Let’s compare moment interaction diagrams using a rectangular stress block, a bilinear stress profile and a parabolic stress profile. AS 3600:2018 restricts the maximum stress in the profile to 0.9 * f'c.

[13]:
# bilinear
concrete.ultimate_stress_strain_profile = BilinearStressStrain(
    compressive_strength=0.9 * 40,
    compressive_strain=0.0015,
    ultimate_strain=0.003,
)
f_mi_res_bil, _, _ = design_code.moment_interaction_diagram(progress_bar=False)

# parabolic
concrete.ultimate_stress_strain_profile = EurocodeParabolicUltimate(
    compressive_strength=0.9 * 40,
    compressive_strain=0.0015,
    ultimate_strain=0.003,
    n=2,
)
f_mi_res_par, _, _ = design_code.moment_interaction_diagram(progress_bar=False)
[14]:
MomentInteractionResults.plot_multiple_diagrams(
    [f_mi_res, f_mi_res_bil, f_mi_res_par],
    ["Rectangular", "Bilinear", "Parabolic"],
    fmt="-",
)
../_images/examples_as3600_26_0.svg
[14]:
<Axes: title={'center': 'Moment Interaction Diagram'}, xlabel='Bending Moment', ylabel='Axial Force'>

Biaxial Bending Diagram#

We can also compute factored biaxial bending diagrams by calling the biaxial_bending_diagram() method.
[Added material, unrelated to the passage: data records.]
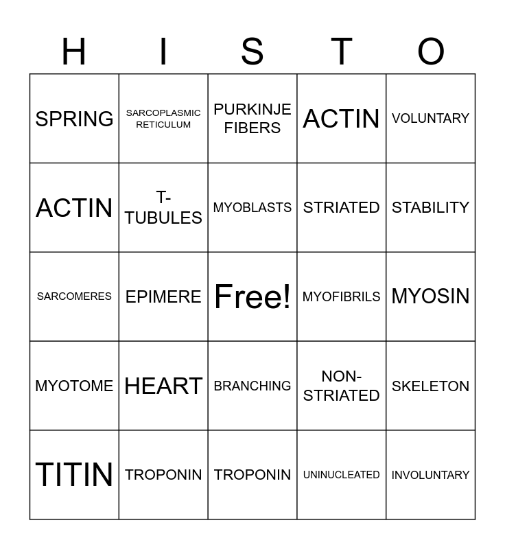 This bingo card has a free space and 24 words: HEART, TROPONIN, MYOBLASTS, TITIN, VOLUNTARY, SPRING, ACTIN, SARCOPLASMIC RETICULUM, MYOFIBRILS, BRANCHING, STRIATED, SARCOMERES, NON-STRIATED, SKELETON, T-TUBULES, UNINUCLEATED, MYOSIN, PURKINJE FIBERS, STABILITY, EPIMERE, INVOLUNTARY, MYOTOME, ACTIN and TROPONIN.
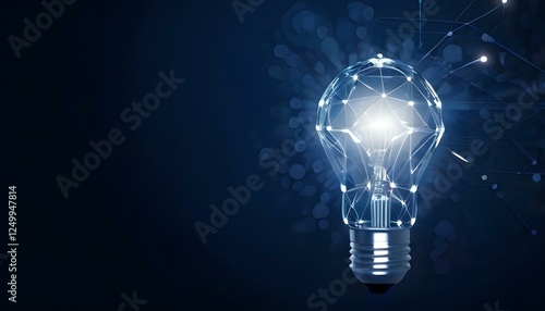 Bright Electric Light Bulb with Polygonal Connections on Dark Blue Background for AI Technology and Innovation
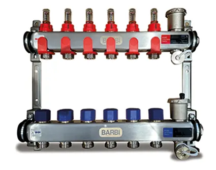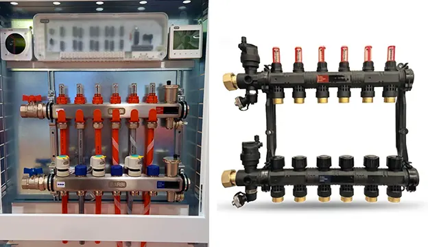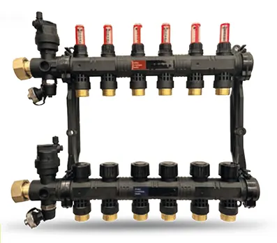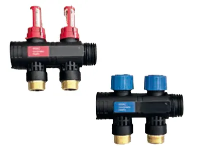 - Collecteur de retour avec vannes thermostatiques intégrées.
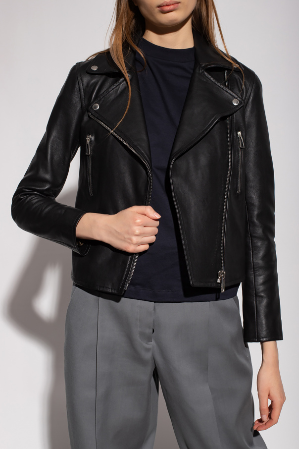 Black biker jacket from PS Paul Smith. Made of sheep leather, this garment features an asymmetrical closure, notch lapels, three zip pockets and long sleeves.
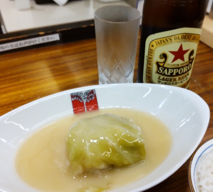 ロールキャベツとミートコロッケのセット 税込み1,130円 は、味も価格も心おどるメニュー。キャベツサラダにつけるリンゴ・ドレッシングの爽やかな酸味が旅の疲れをいやします。
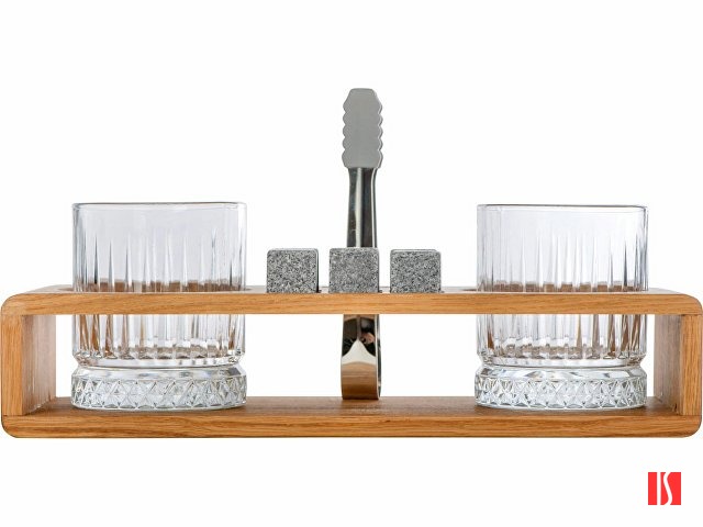деревянная подставка 28 х 11,6 х 5,7 см, бокал 210 мл- 2 шт, камень для виски 2 х 2 см- 6 шт, щипцы, упаковочная коробка
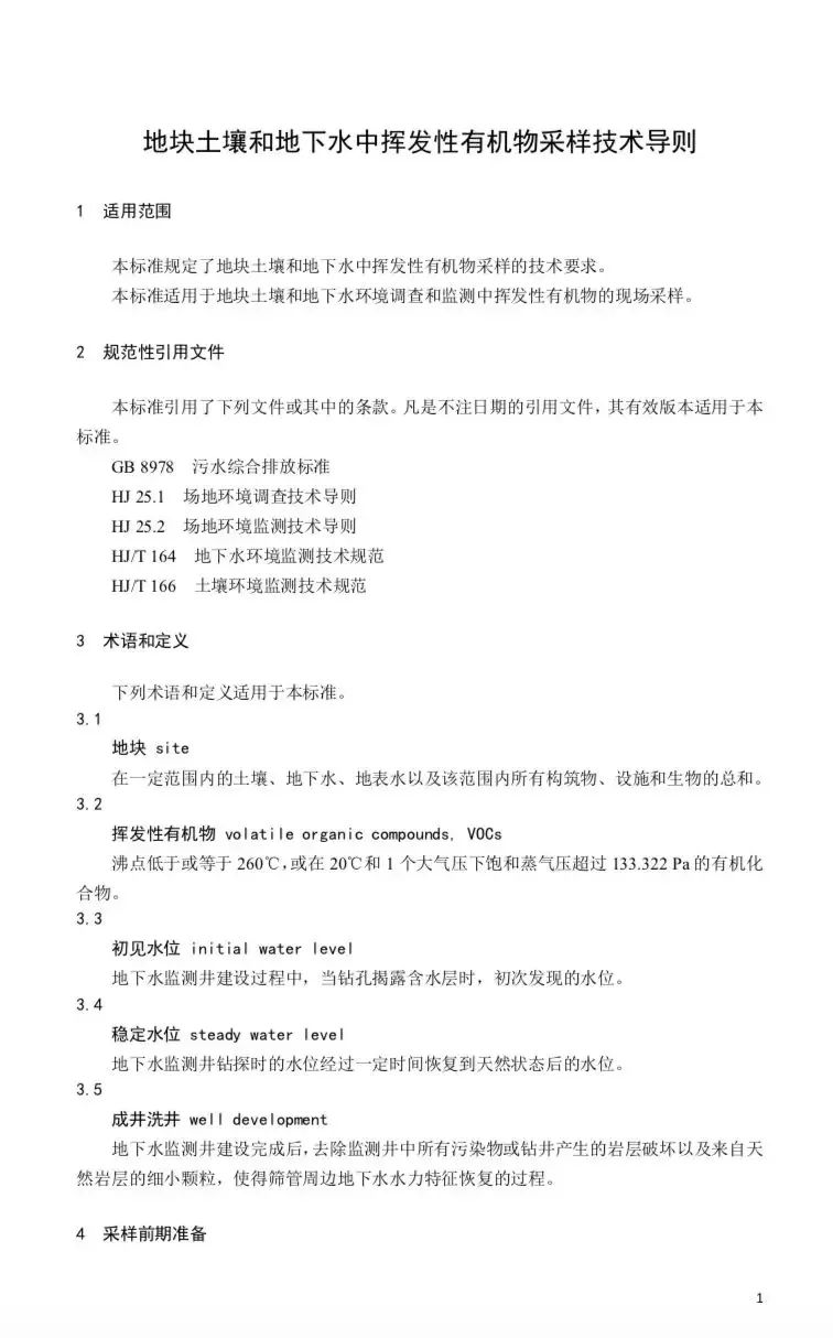 為貫徹《中華人民共和國環(huán)境保護法》《中華人民共和國水污染防治法》和《中華人民共和國土壤污染防治法》,保護生態(tài)環(huán)境,保障人體健康,加強地塊環(huán)境保護監(jiān)督管理,規(guī)范地塊土壤和地下水中揮發(fā)性有機物采樣技術(shù),制定本標準。
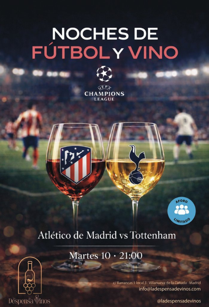 Este Martes 10 de Marzo ven con nosotros a ver el partido de Champions entre el Atlético de Madrid vs. Tottenham a las 21:00. Te esperamos con una copita de vino!
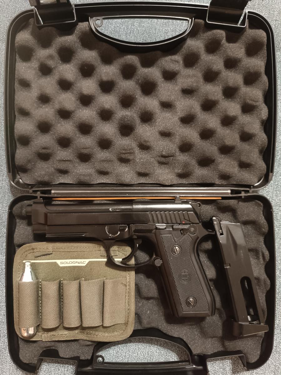 Sokáig pihent saját kofferjában, mert a tárban a szelep elengedte a gázt. Kapott egy gyári új tárat. Most keresi új gazdáját. Amit tudni kell róla: full fém, full autó. Használható egyes és sorozat lövéssel. Használtan vettem ezen az oldalon. A pisztoly hibátlan, az új tárhoz egy CO2 patront használtam el tesztelésre. Ha kell adom hozzá a régi tárat, ami enged. Blow-back rendszer, teljesen fém. Kb. 1,2kg.
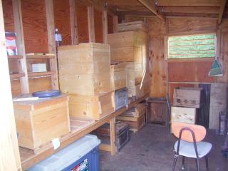 蜂舎の中はこんな感じになってます。奥の窓は金網が張ってあって、ミツバチは通れてスズメバチは入れません。
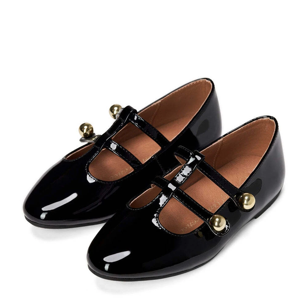 Эти элегантные лакированные туфельки Mary Jane с зауженным носиком подойдут и для особенных моментов, и для обычных школьных будней. Маленькие золотые пуговки-бусинки выполняют декоративную функцию и дополняют тонкие ремешки.
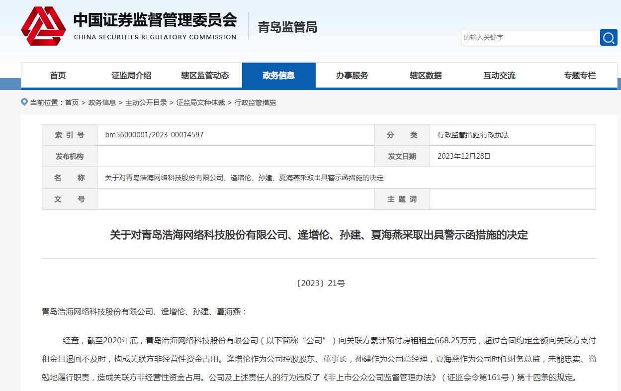青岛证监局查明,截至2020年底,青岛浩海网络科技股份有限公司(下称浩海科技)向关联方累计预付房租租金668.25万元,超过合同约定金额向关联方支付租金且退回不及时,构成关联方非经营性资金占用。

This method returns a factored BiaxialBendingResults object as well as a list of the capacity reduction factors phis.

[15]:
# reset concrete ultimate profile
concrete.ultimate_stress_strain_profile = RectangularStressBlock(
    compressive_strength=40,
    alpha=0.79,
    gamma=0.87,
    ultimate_strain=0.003,
)

# create biaxial bending diagram
f_bb_res1, phis1 = design_code.biaxial_bending_diagram(n_points=24, progress_bar=False)
bb_res1 = conc_sec.biaxial_bending_diagram(n_points=24, progress_bar=False)
f_bb_res2, phis2 = design_code.biaxial_bending_diagram(
    n_design=2000e3, n_points=24, progress_bar=False
)
bb_res2 = conc_sec.biaxial_bending_diagram(n=2000e3, n_points=24, progress_bar=False)
[16]:
# plot case 1
ax = f_bb_res1.plot_diagram(fmt="x-", render=False)
bb_res1.plot_diagram(fmt="o-", ax=ax)
plt.show()
print(f"Average phi = {np.mean(phis1):.3f}")

# plot case 2
ax = f_bb_res2.plot_diagram(fmt="x-", render=False)
bb_res2.plot_diagram(fmt="o-", ax=ax)
plt.show()
print(f"Average phi = {np.mean(phis2):.3f}")
../_images/examples_as3600_29_0.svg
Average phi = 0.850
../_images/examples_as3600_29_2.svg
Average phi = 0.618

Note that as the bending angle changes, k_uo and N_ub change, resulting in a constantly changing value for phi.